Zion Williamson pump fakes vs. Rudy Gobert

Zion Williamson's talent, improvements earned him first All-Star berth despite tough competition in West

Sunday's NBA All-Star Game is on TNT at 7 p.m. Central
by Jim Eichenhofer

Amid its rotation of assorted commercials on repeat, for weeks NBA League Pass has shown the same 30-second highlight package of Zion Williamson athletic layups and soaring alley oop dunks – regardless of which team’s broadcast is airing. That means that even on the nights when the New Orleans Pelicans aren’t playing, basketball fans are still seeing Zion.

En route to earning his first NBA All-Star selection in 2020-21, Williamson at times seems to be everywhere. At 20, he’s already accumulated a long list of sponsors (Gatorade, Jordan Brand among others) that have him appearing in his own popular TV ads. He’s elevated the Pelicans to not only League Pass favorites, but a team granted 28 national TV appearances during the 72-game schedule.

This weekend, get ready for more Zion. The second-year pro will be a Western Conference All-Star reserve in Sunday’s game (7 p.m., TNT), after being voted in by the conference’s 15 head coaches, despite extremely formidable competition for roster spots. Williamson is the only current second-year NBA player tabbed, as well as the youngest All-Star selection (20 years, 244 days on Sunday) since LeBron James in 2005.

“As a kid, seeing all of those big events, like the All-Star Game, or whether it was college, high school, McDonald’s All-American, Jordan Brand (games), all those games, whenever you see those (players) in it, you were like, ‘It’s just an honor to be in it,’ ” Williamson said of being chosen. “You wanted to work hard and have a chance to be able to make the game. So yeah, it was something I dreamed about growing up.”

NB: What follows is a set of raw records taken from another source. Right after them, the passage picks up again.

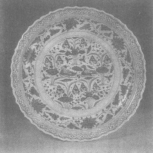 | 释义 | 青花鸳鸯莲纹瓷盘 青花鸳鸯莲纹瓷盘元。高6.7厘米,口径46.5厘米。北京故宫博物院藏。此盘菱花式口,折沿,圈足,砂底。以青料在盘内外绘画。盘外壁绘缠枝莲。盘内壁绘3层纹饰:口沿画锦纹一周;盘里画缠枝莲花六朵;盘心为主题纹饰,池塘内,水波荡漾,莲荷亭亭玉立,两只鸳鸯在荷叶间轻游,它们顾盼追逐,情话喁喁。画面风格清新,很有意境,显示出元代瓷器绘画已达到很高的水平。类似的大型青花折沿盘,元代景德镇曾烧制甚多。
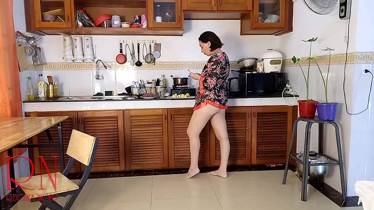 German Housewife Caught Playing Solo in Kitchen
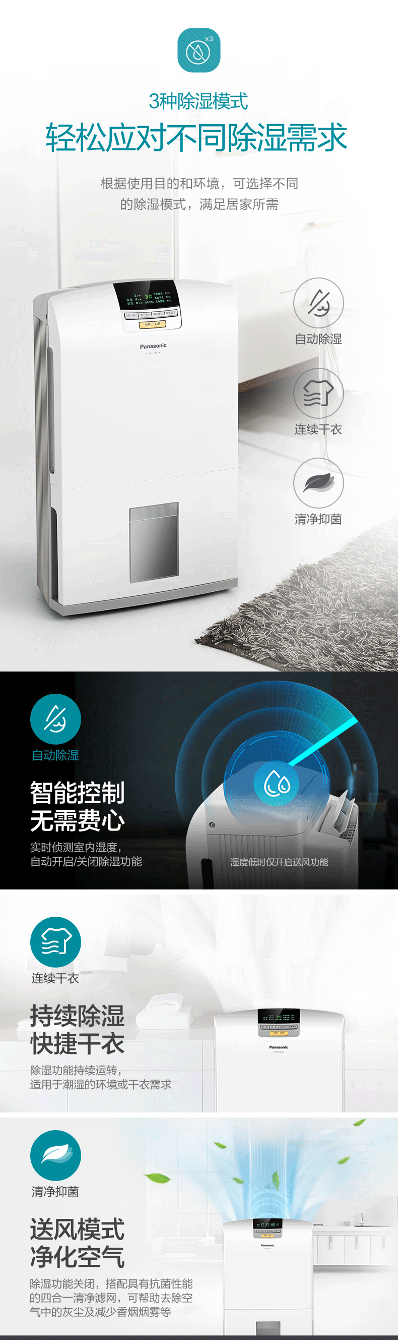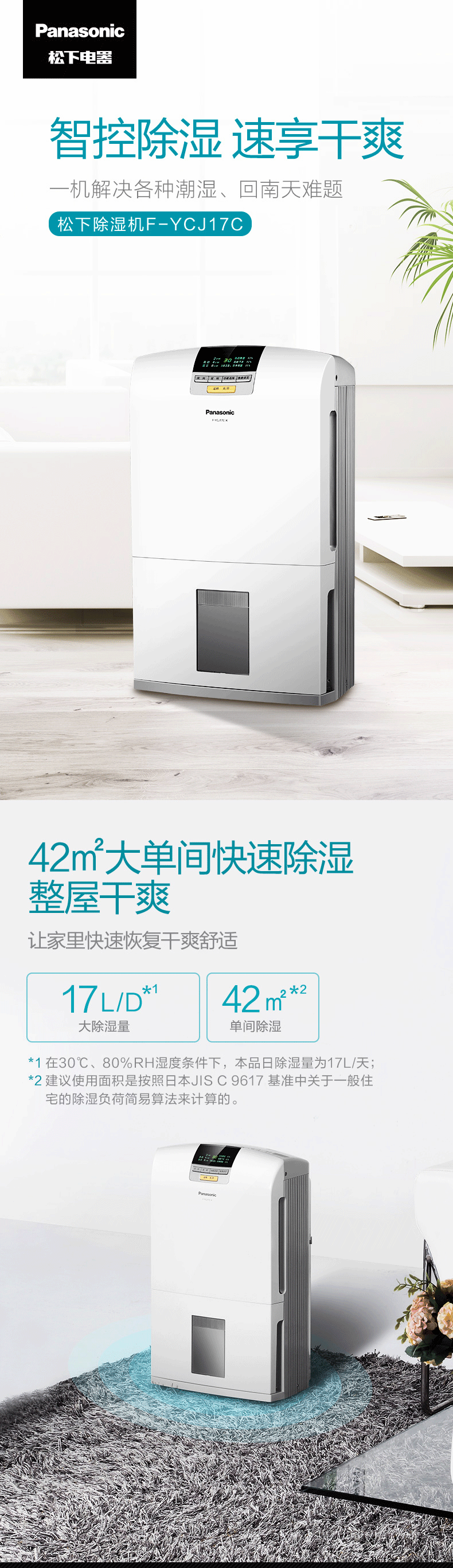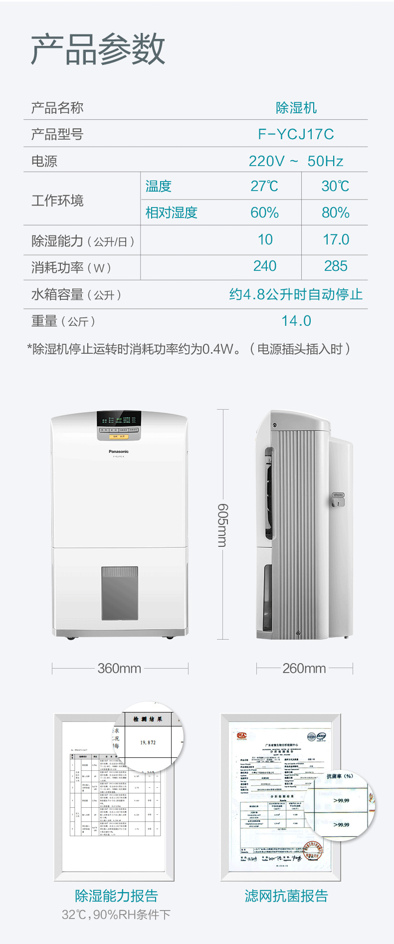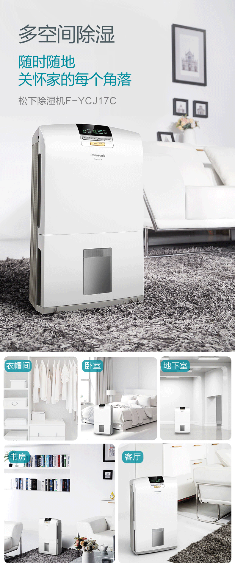 松下(Panasonic)除湿机 家用低音抽湿机除湿器可外接水管 F-YCJ17C-X
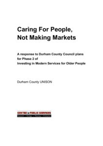 A response to Durham County Council plans for Phase 2 of Investing in Modern Services for Older People by Durham County UNISON The report examines the limits of expanding the social care market in the County, the impact of further homes closures and analyses the options. The County Council voted narrowly to stop further closures following a UNISON and community campaign.
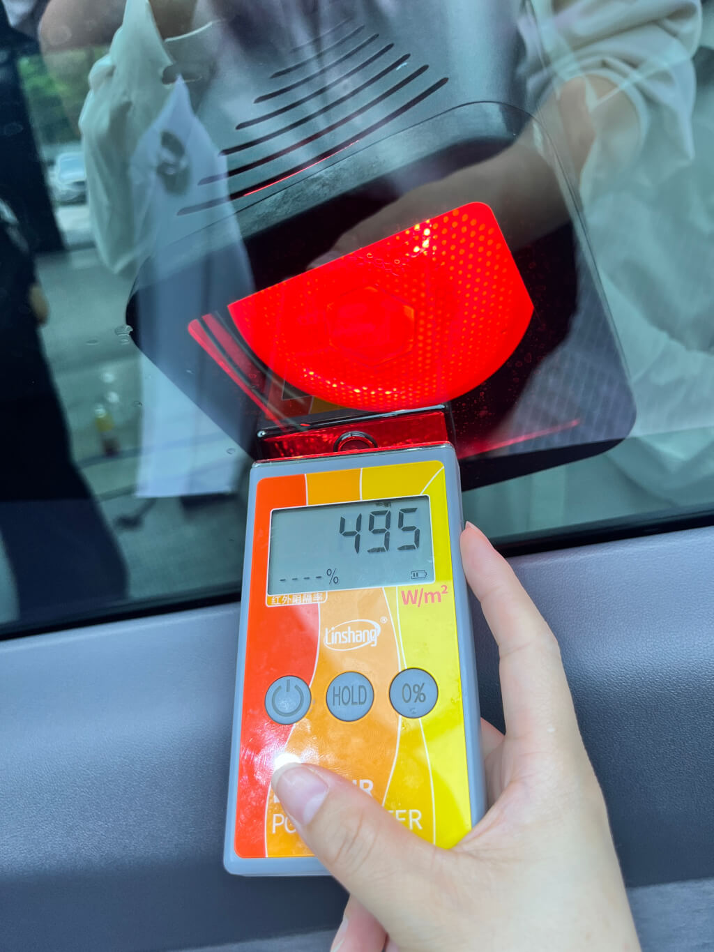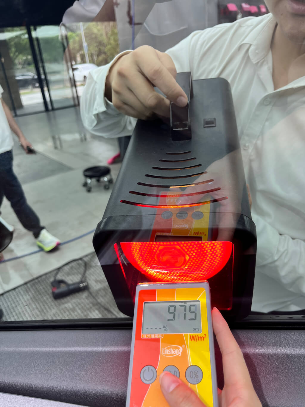主副驾玻璃已贴艺卡A35后测试数据为975w/㎡:
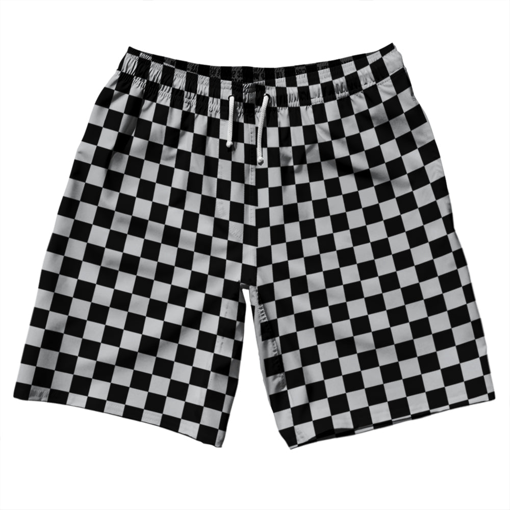 • Checkerboard 1 Inch Black and Grey Medium 10" Swim Shorts Made in USA
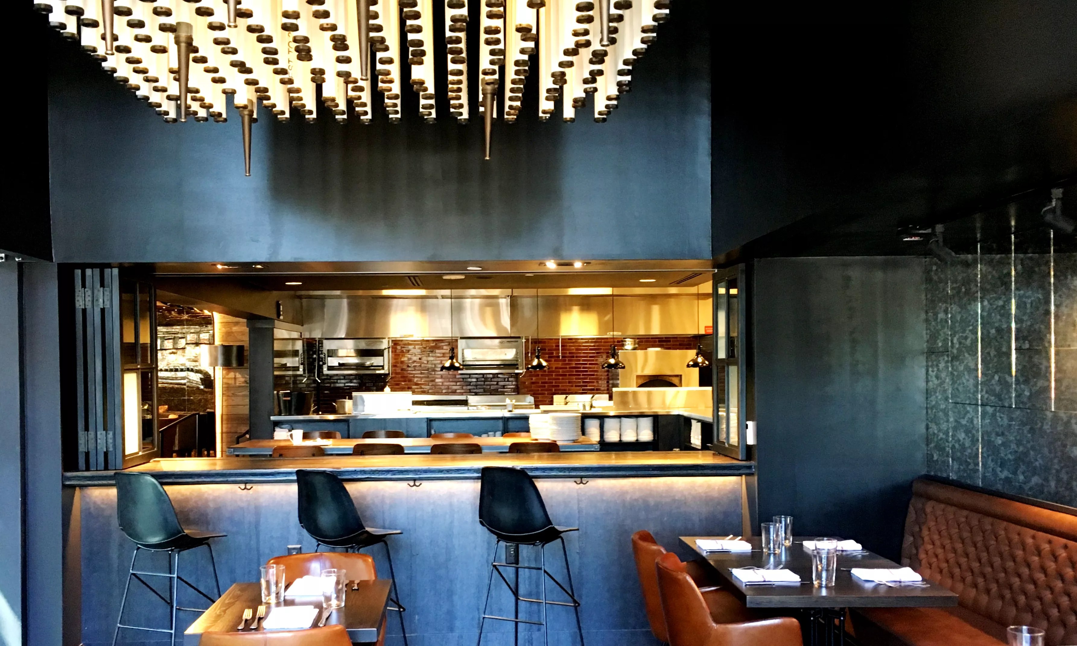 A private dining room houses a ceiling fixture made from vintage firehoses, and there’s also a chef’s counter looking from that private room into the kitchen. A courtyard facing 20th Street makes a great perch for watching Rockies fans streaming into the ballpark on game days.
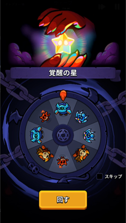 ウェーブ中に倒した敵が星をドロップすると覚醒ルーレットを回すことができる。
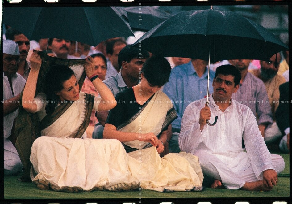 NEW DELHI INDIA AUGUST 08 Member of Lok Sabha Sonia Gandhi Indian Politician Priyanka Gandhi and Indian businessman Robert Vadra clicked at a meeting during rain in New Delhi. Photo by Dilip Banerjee India Today Group Sonia Gandhi Priyanka Gandhi Robert Vadra
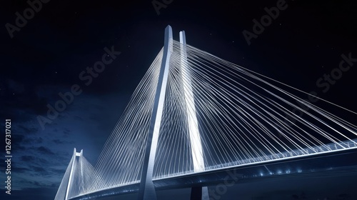 Close-up of Vasco da Gama Bridge's lighting system during night, showcasing the bridge's illuminated design features
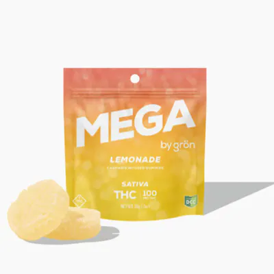 2 MEGAS PER PACKAGE | 50MG PER MEGA 10MG PER SERVING | 10 SERVINGS PER PACKAGE The Lemonade Mega tastes lively and bright. The combination of sunny sativa effects and fresh lemonade flavor are absolutely made for each other.

Though All-Star voting results aren’t made public, based on recent praise from some of the West’s head coaches, it should be no surprise that Williamson made the team, just 59 games into his pro career. He’s averaging over 25 points in 2020-21, while shooting over 60 percent from the field, a rare combination.

“It’s hard to imagine being better at the rim,” Utah’s Quin Snyder said, prior to Williamson posting 26 points and 10 rebounds in Monday’s upset win over the Jazz. “He’s such a great finisher and so good in the paint.”

“Zion is an incredible athlete,” Portland’s Terry Stotts said. “You try to keep him out of the paint, away from the rim. You see what he’s been doing lately, shooting at an unbelievable rate, mainly because he gets to the basket.

“For a young player, learning the league, learning what to expect, there is a lot to take in as a rookie and he battled some injuries as well (last season). I think what you’re seeing now is some experience and his game is evolving.”

Williamson has made improvements in virtually every statistical category compared to his rookie season, including in categories that can’t be attributed to his increase in minutes per game, such as free throw percentage.

“He’s doing so many things and playing in so many situations,” Snyder said of Williamson’s continually expanding game and versatility. “There’s more variety, and that makes it even more difficult to guard him.”

In three head-to-head games against Snyder’s Jazz club, Williamson averaged 28.3 points on 66 percent shooting. The Utah head coach probably figured he was done seeing the star forward as an opponent this season, but not quite: Snyder is the head coach for Team LeBron, meaning he’ll be matched up against Team Durant member Williamson one more time Sunday evening.